- _TASK REQUIREMENTS_: A faithful copy is required: retype the records from their first line through the line with "- Yin, W.; Wang, Y.;", and omit the pictures.
********
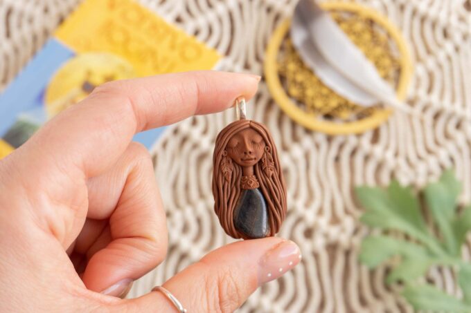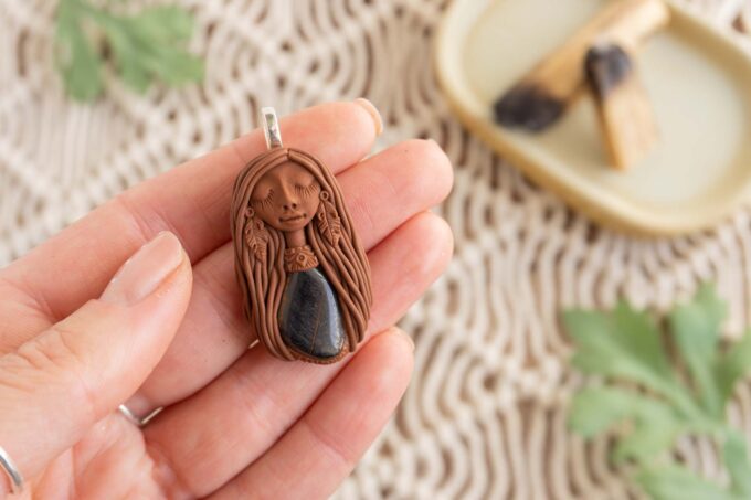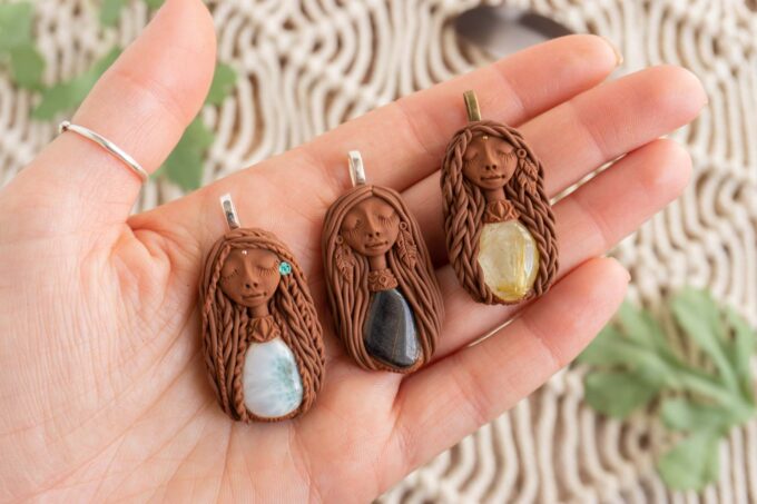 Vsaka Čarobnica je poimenovana po boginjah iz različnih obdobij, kultur in tradicij z vseh koncev sveta. Med izdelavo za vsako Čarobnico posebej povlečem orakelsko karto, ki nosi posebno sporočilo. Z vsako Čarobnico dobite torej še sporočilo, ki ga odkrijete šele, ko odprete paketek.
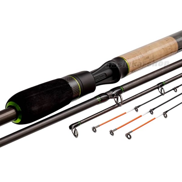 - Върхове: Включва три карбонови върха с различна акция, които ви дават възможност да се адаптирате към условията на риболов - от спокойни води до силно течение.
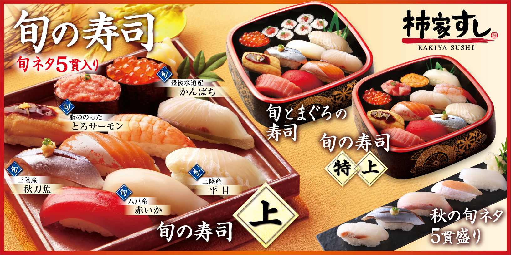 2023.09.04柿家すし旬の味「秋刀魚」や三陸産「平目」など いち早く秋味を堪能!柿家すし『旬の寿司秋』新発売期間限定:2023年9月4日(月)~11月5日(日)出前寿司「柿家すし」では、2023年9月4日(月)から、秋の旬ネタを盛り込んだ『旬の寿司秋』の販売を開始いたします。資料をダウンロード
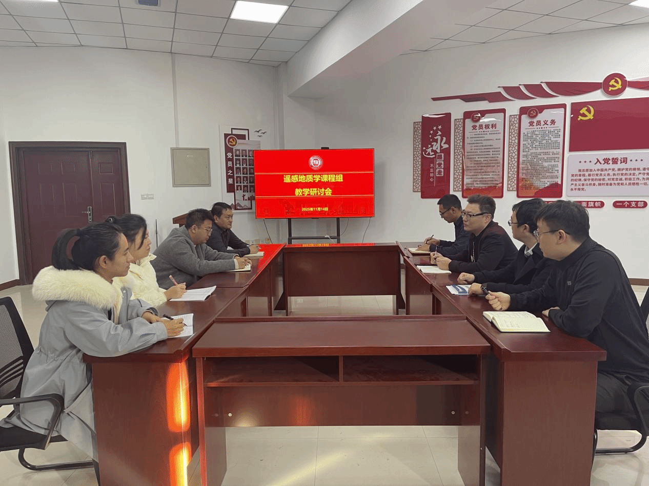 2025年11月14日,《遥感地质学》课程教学团队在地科院610开展了教学研讨活动。会议由张博为主持,课程组全体教师杜先利、魏华彬、王浩然、李晶晶、王博洋、贾茹、王超参加了此次会议。
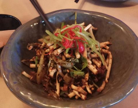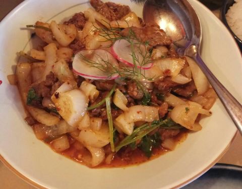 糟辣炒肉片,量挺足的,这道菜不是很辣,肉也比较嫩。好评挺高的一家店,据说要排队很久,就特意很早前来
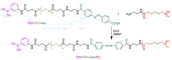 - Yin, W.; Wang, Y.; Xiao, Y.; Mao, A.; Lang, M. Phenylboronic acid conjugated mPEG-b-PCL micelles as DOX carriers for enhanced drug encapsulation and controlled drug release. Eur. Polym. J. 2022, 173, 111235. [Google Scholar] [CrossRef]
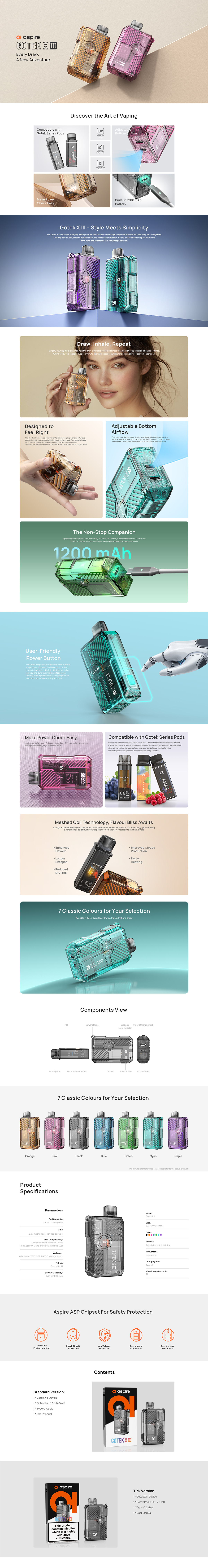 Το νέο GoTek X 3 της Aspire μας παρουσιάζετε στην συνέχεια της σειράς GoTek! Το GoTek X 3 είναι σχεδιασμένο για να προσφέρει μια ομαλή και αποδοτική εμπειρία ατμίσματος. Διαθέτει ισχυρή αναβαθμισμένη ενσωματωμένη μπαταρία των 1200 mAh, η οποία φορτίζει γρήγορα ώστε να ελαχιστοποιείται ο χρόνος εκτός λειτουργίας μέσο της θύρας USB Type-C που είναι εξοπλισμένο. Η ευκρινής LCD οθόνη μας παρουσιάζει ξεκάθαρα την κατάσταση της συσκευής σε πραγματικό χρόνο. Μας κρατά συνεχώς ενήμερους με άμεσες ειδοποιήσεις για τις συνθήκες λειτουργίας της ,την ένδειξη της μπαταρίας και το επίπεδο ενέργειάς της. Το ευαίσθητο σύστημα με αυτόματη ενεργοποίηση με την εισπνοή (auto-draw) εξασφαλίζει άμεση ενεργοποίηση, προσφέροντας απολαυστικό άτμισμα τύπου Mouth-to-Lung (MTL) ή Restricted-Direct-to-Lung (RDTL), ανάλογα με τις προτιμήσεις σας. Το GoTek X 3 είναι απολυτά συμβατό με τα GoTek Pod Mesh Coil! Τέλος ο εργονομικός και ελαφρύς σχεδιασμός του το καθιστούν τον καθημερινό διακριτικό σας φίλο!
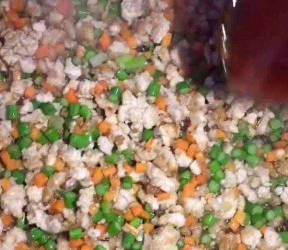 再把肉末下入锅中炒,炒到肉末分享,然后下入蒜末炒。
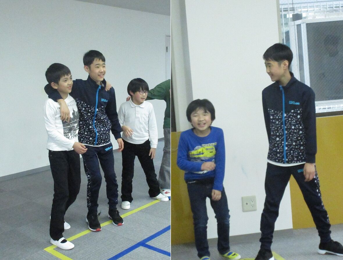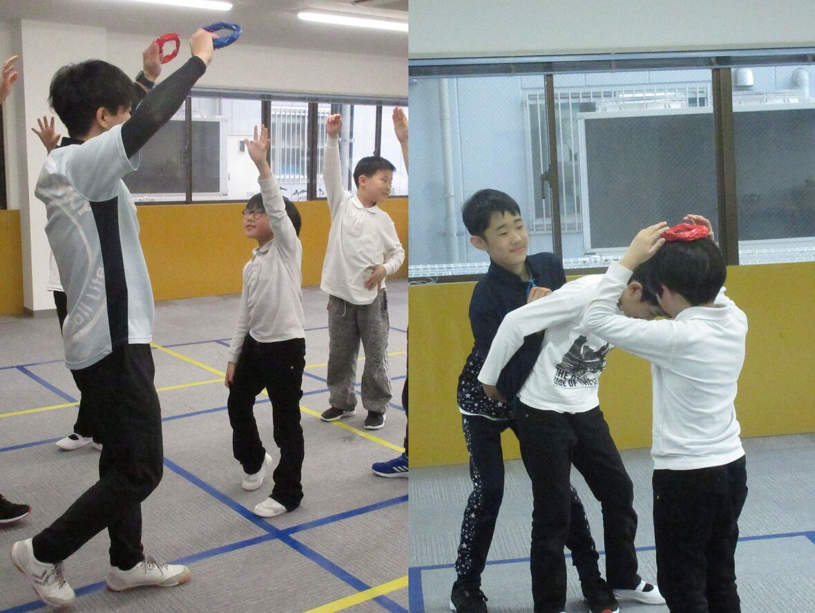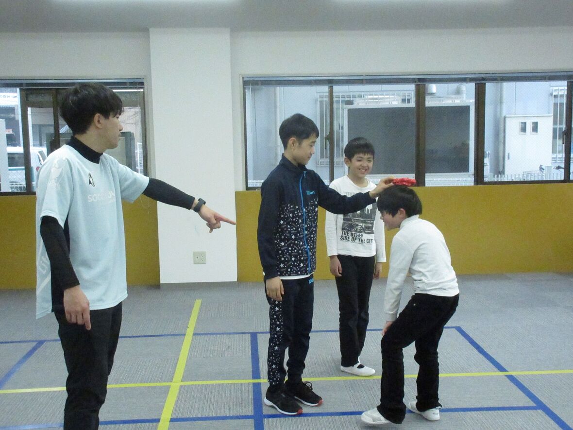 2024年02月27日(火) スタッフブログ タカ先生とおにごっこ!! タカ先生が考えてくれる遊びは、いつもいろいろな工夫がいっぱい!今日はリングを頭にのせて、"おにごっこ" 。リングが落ちないようにすることで、頭部の揺れを少なくしてよい姿勢が保持されます。 最初は2人組でおにごっこ! 今度はリングを頭にのせて・・・ 落とさないように慎重に
********
- _EXERCISE OUTPUT_:
 Vsaka Čarobnica je poimenovana po boginjah iz različnih obdobij, kultur in tradicij z vseh koncev sveta. Med izdelavo za vsako Čarobnico posebej povlečem orakelsko karto, ki nosi posebno sporočilo. Z vsako Čarobnico dobite torej še sporočilo, ki ga odkrijete šele, ko odprete paketek.
 - Върхове: Включва три карбонови върха с различна акция, които ви дават възможност да се адаптирате към условията на риболов - от спокойни води до силно течение.
 2023.09.04柿家すし旬の味「秋刀魚」や三陸産「平目」など いち早く秋味を堪能!柿家すし『旬の寿司秋』新発売期間限定:2023年9月4日(月)~11月5日(日)出前寿司「柿家すし」では、2023年9月4日(月)から、秋の旬ネタを盛り込んだ『旬の寿司秋』の販売を開始いたします。資料をダウンロード
 2025年11月14日,《遥感地质学》课程教学团队在地科院610开展了教学研讨活动。会议由张博为主持,课程组全体教师杜先利、魏华彬、王浩然、李晶晶、王博洋、贾茹、王超参加了此次会议。
 糟辣炒肉片,量挺足的,这道菜不是很辣,肉也比较嫩。好评挺高的一家店,据说要排队很久,就特意很早前来
 - Yin, W.; Wang, Y.; Xiao, Y.; Mao, A.; Lang, M. Phenylboronic acid conjugated mPEG-b-PCL micelles as DOX carriers for enhanced drug encapsulation and controlled drug release. Eur. Polym. J. 2022, 173, 111235. [Google Scholar] [CrossRef]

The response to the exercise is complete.